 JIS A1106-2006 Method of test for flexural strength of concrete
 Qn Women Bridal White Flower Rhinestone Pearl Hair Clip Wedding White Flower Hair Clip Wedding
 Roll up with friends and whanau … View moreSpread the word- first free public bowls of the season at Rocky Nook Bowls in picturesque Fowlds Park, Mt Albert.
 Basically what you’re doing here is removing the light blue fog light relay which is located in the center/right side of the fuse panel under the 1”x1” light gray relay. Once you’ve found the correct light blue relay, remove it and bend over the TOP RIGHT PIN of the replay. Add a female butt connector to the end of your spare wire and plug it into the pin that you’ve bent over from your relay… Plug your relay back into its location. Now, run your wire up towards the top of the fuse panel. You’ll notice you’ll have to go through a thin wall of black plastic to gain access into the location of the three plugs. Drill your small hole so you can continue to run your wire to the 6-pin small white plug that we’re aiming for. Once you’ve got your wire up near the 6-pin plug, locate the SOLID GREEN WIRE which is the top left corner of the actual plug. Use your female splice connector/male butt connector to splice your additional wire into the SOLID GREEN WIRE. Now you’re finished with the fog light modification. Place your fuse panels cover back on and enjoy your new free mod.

——————————

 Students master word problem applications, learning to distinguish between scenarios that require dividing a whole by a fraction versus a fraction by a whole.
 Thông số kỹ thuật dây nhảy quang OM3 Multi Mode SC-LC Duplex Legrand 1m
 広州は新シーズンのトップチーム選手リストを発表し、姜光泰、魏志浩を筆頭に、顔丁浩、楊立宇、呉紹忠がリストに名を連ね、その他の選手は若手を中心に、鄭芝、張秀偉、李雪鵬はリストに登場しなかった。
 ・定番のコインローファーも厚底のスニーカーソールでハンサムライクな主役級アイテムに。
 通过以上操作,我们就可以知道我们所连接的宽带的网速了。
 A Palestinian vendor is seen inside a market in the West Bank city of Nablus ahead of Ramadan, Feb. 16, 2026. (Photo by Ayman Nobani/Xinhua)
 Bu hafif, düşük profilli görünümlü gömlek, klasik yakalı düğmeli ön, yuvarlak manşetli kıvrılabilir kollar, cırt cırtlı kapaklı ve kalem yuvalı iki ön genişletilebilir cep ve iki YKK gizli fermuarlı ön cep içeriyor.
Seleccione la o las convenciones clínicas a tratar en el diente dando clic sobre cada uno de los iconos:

——————————

All lines of the entries above where "word" turns up should be reported.

 Roll up with friends and whanau … View moreSpread the word- first free public bowls of the season at Rocky Nook Bowls in picturesque Fowlds Park, Mt Albert.
 Students master word problem applications, learning to distinguish between scenarios that require dividing a whole by a fraction versus a fraction by a whole.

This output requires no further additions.